1. Program-type taxonomy first
Before anything else, I write down the categories of work the feature has to handle. Not personas. Not user stories. The actual buckets of tasks the model has to be good at.
For Recruit's AI wizard, the categories were things like brand ambassador programs, paid affiliate campaigns, UGC casting calls, gifting programs, and content licensing partnerships. Each one needed slightly different inputs from the user, different questions on the page, and different defaults.
Writing this taxonomy down does three things. It surfaces what the model has to handle. It gives me a checklist for testing. And it tells me which examples to put in the prompt.
If I cannot write the taxonomy in plain text on one page, the feature is not ready to scope. The hand-wavy "the AI will figure it out" answer is where bad AI products come from.
2. Prompt schema second
Now I write the actual prompt template. Not in code yet. In a Google Doc with placeholders.
The prompt has to do five things, in this order:
1. Tell the model what role it is playing. 2. Give it the program type from the taxonomy. 3. Inject whatever the user typed. 4. Inject the user's brand context (colors, voice, prior pages). 5. Tell it exactly what shape to return.
I write all five sections out as a single block of text and read it back to myself. If a section is doing more than one job, I split it.

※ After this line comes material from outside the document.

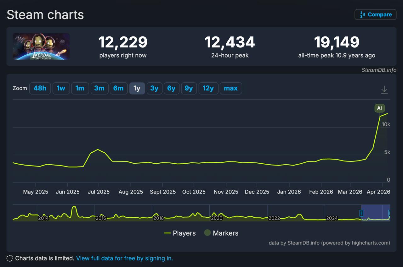 Populiarus kosminių laivų kūrimo ir paleidimo simuliatorius Kerbal Space Program vėl atsidūrė dėmesio centre. Žaidimas pritraukė daugybę naujų žaidėjų, o tai siejama su neseniai vykusia Artemis II misija.

If I find myself adding instructions like "be helpful and concise," I delete them. The model is helpful by default. The interesting instructions are the ones the model would not infer on its own.

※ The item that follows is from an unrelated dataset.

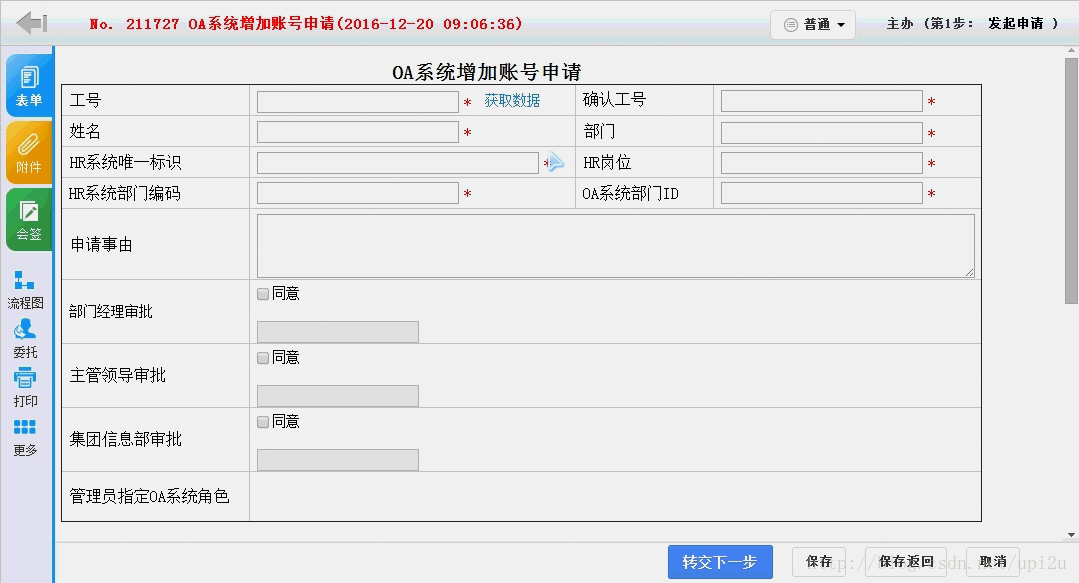 以上所述是小编给大家介绍的通达OA 使用Ajax和工作流插件实现根据人力资源系统数据增加OA账号(图文详解),希望对大家有所帮助,如果大家有任何疑问请给我留言,小编会及时回复大家的。在此也非常感谢大家对脚本之家网站的支持!

This is also where I decide which few-shot examples go into the prompt. The examples come from the taxonomy. One per category, ideally.
3. Output schema third
This is the part most generative features skip.
The model has to return data in a shape the UI can render. Free-text is the worst possible output for a B2B feature because every downstream system has to parse it. So I write the output schema before anything else gets built.

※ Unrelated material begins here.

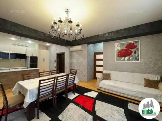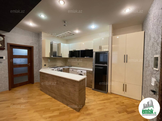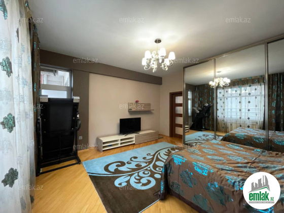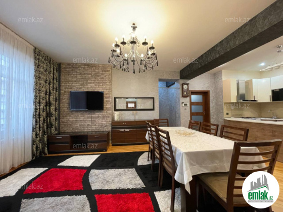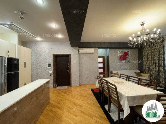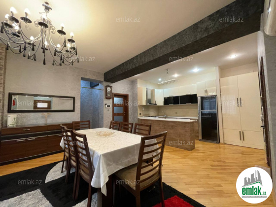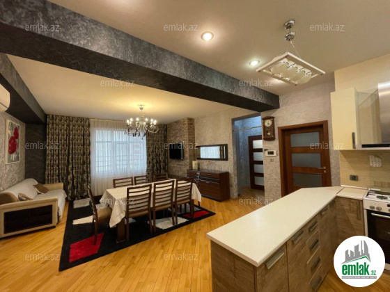 Əla təmirli ümumi səhəsi 122 kv.m. mənzil 4 otaga düzəlib(mətbəx-studiya və 3 yataq otagi) 2 sanitar qovşagi,istilik kombi,qaz su işiq daimidir.quraştirilmiş mətbəx mebel.

For Recruit, the output schema looked something like this:
- page_title (string)
- subtitle (string)
- hero_image_suggestion (string, one of: stock_lifestyle, brand_product, custom_upload)
- form_sections (array of section objects, each with name, fields, order)
- thank_you_message (string)
Once that schema exists, the prompt can tell the model exactly what to produce. The UI can be built against the schema, not against guessed JSON. And the eval suite can test each field independently.
If the model cannot reliably produce the schema, I either simplify the schema or move to a structured output mode where the schema is enforced. The point is that the schema comes before the UI, not after.
4. UI flow last
Only now do I get into the actual screens.
The UI has to do three jobs. Give the user the shortest possible way to express intent. Surface the model's output in a way the user can verify and edit. Make rejection cheap.
The last part is what most AI features get wrong. If the user has to undo a whole wizard and start over every time the model gets it wrong, they stop using the feature. The good version is to make every generated section editable in place, and give the user a way to regenerate just that one section without losing everything else.
For Recruit, the wizard lets the user describe a campaign in one sentence, see the full generated page, and then accept, edit, or regenerate any section independently. The user is never trapped inside the AI flow.
Why this order works
When the spec is built bottom-up (taxonomy, prompt, schema, UI), the engineering team can parallelize. Backend works against the schema. Prompt engineering tunes against the taxonomy. Frontend builds against the schema's shape. Each layer has a contract with the layer above and below it.
When it is built top-down (UI first), every layer has to be retrofitted. The model keeps producing data the UI cannot render. Engineering keeps catching errors and patching prompts. Three months in, the team is rebuilding the schema while pretending it is a fix.
The order is not the only thing that matters. But it is the one part of the process I refuse to compromise on anymore. Get the taxonomy and the schema right and the rest of the spec writes itself.